На следующее утро собрал всех воевод, командиров рот, батарей на большое совещание. Вопрос один - наши последующие действия, что делать дальше. Вроде бы естественный ответ - возвращаться в Москву, к месту постоянного базирования, для нас - меня, командующих, командный состав, да и всего нашего войска, - может привести к печальным, возможно трагическим последствиям. Даю расклад внутриполитической ситуации, назревающем заговоре боярских семейств, слабости царя. Мы в их руках станем слепым орудием междуусобных разборок, а я и мои ближайшие сподвижники - ненужным и опасным фактором в их раскладе, от которого они постараются скорее избавиться. Тем более, что внешней угрозы - интервенции Речи Посполитой, как-то сдерживающей их, теперь нет, нашими же усилиями.
Как же нам поступить, сохранить себя и войско, не ввязнуть в новую Смуту? Этот вопрос повис в воздухе после моего рассказа. Не верить мне у собравшихся нет оснований, я всегда честно давал картину предстоящих действий, каких-то трудностей, потом вместе находили лучший выход. Так и теперь, все смотрят на меня, я же ожидаю ответа и предложений от них. Через минуту молчания слово взял Федор Шереметев, один из самых зрелых и многоопытных воевод среди нас:
- Нам нельзя расходиться, мы сила, когда вместе. Сейчас войско наше крепко и могуче, с нами будут считаться.
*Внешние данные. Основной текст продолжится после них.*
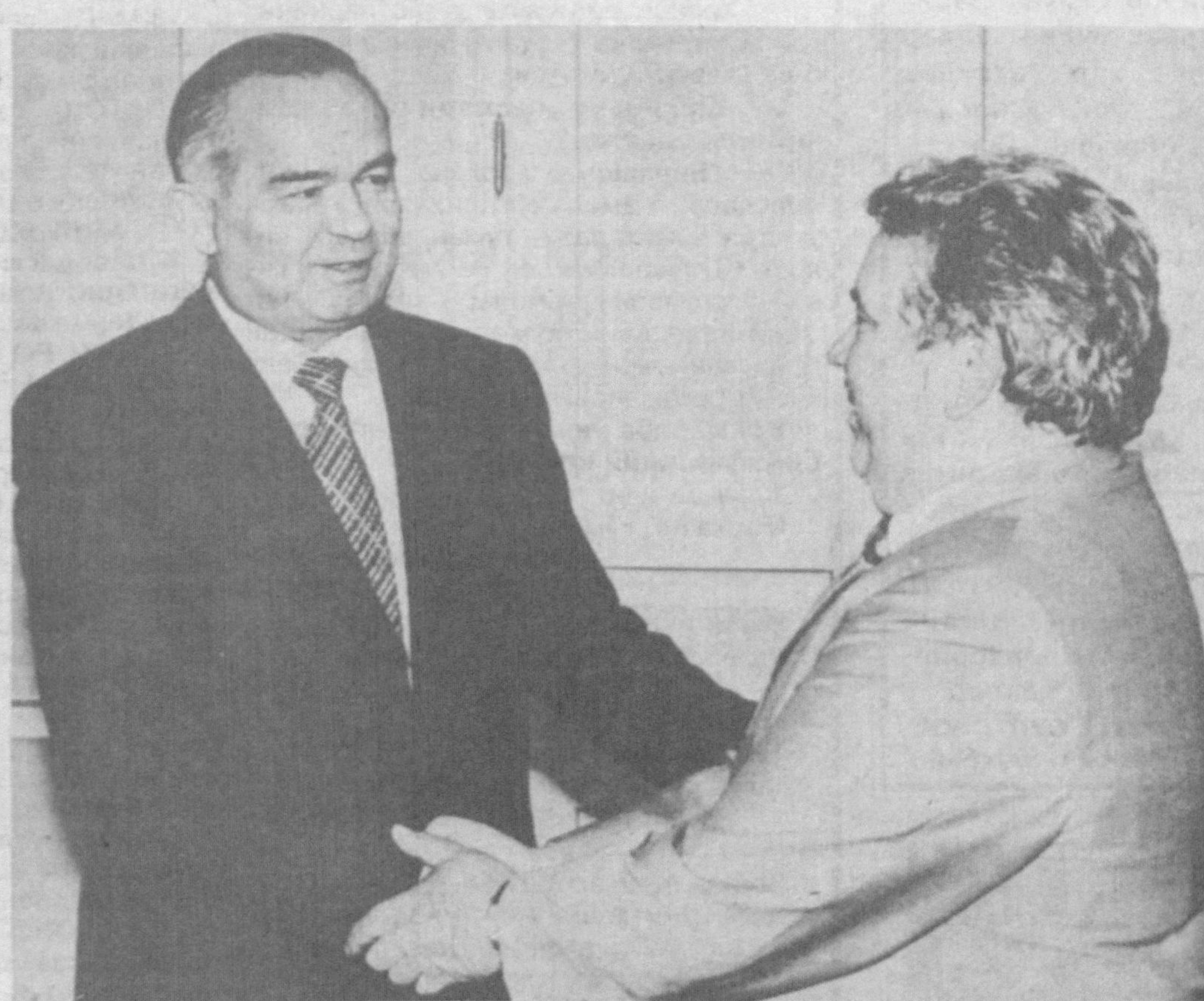
Суратда: Қабул пайти.

Ўзбекистон Республикаси Президенти Имом Каримов 27 май кунин Оқсарой қароргоҳида Россия Федерациясининг «Газпром» очик турдаги хиссадорлик жамияти бошқаруви раиси Рем Вяхиревни қабул қилди. Ўзбекистон нефт-газ саноати тараққиёти учун «Газпром» каби ташкилотлар билан мустаҳкам алоқа ўрнатиш муҳим аҳамият касб этади. Учрашувда бундай ҳамкорлик икки мамлакат ўртасидаги муносабатлар ривожига ҳам ижобий таъсир кўрсатиши қайд этилди. Сўхбат чоғида Ўзбекистон нефт-газ саноатида фаолият кўрсатувчи қорхоналар билан «Газпром» ўртасидаги ҳамкорлик масалалари юзасидан фикр алмашилди. Учрашувда «Ўзбекнефтгаз» миллий холдинг компанияси бошқаруви раиси И.Зайнутдинов иштирок этди.

Нужно под единым началом бороться за свою лучшую долю. Михайло Васильевич, ты наш будущий царь, мы с тобой сметем всех ворогов, как иноземных, так и сидящих в Москве. Веди нас, для Руси сейчас другого выбора нет, ты самый достойный.
Тут же поднялся дружный хор поддерживающих голосов: - Верно, Федор Иванович! Веди нас, Михайло Васильевич, на Москву! Сметем Ваську - убийцу государя Дмитрия, да и татей - бояр не оставим!
Среди воодушевленных соратников замечаю троих, промолчавших, таящих свои думы - Якоба Делагарди, Андрея Голицына и Данилу Мезецкого. С Якобом понятно, он служит тому, кто ему платит, Андрей же из противостоящего нам клана Голициных. Данила, по-видимому, осторожничает, у него непростой выбор, к кому же примкнуть. У меня с двумя воеводами вначале были трения, в последующем, за месяцы совместных походов и боев, отношения сложились, если не дружественные, то приязненные, со взаимным уважением. Но, конечно, собственные интересы выше каких-то чувств, мне ясны их мотивы.
С поклоном принимаю поддержку мне, затем говорю: Благодарю вас, моих соратников, за доверие и принимаю его. Я готов стать государем Русского царства, если народ примет меня.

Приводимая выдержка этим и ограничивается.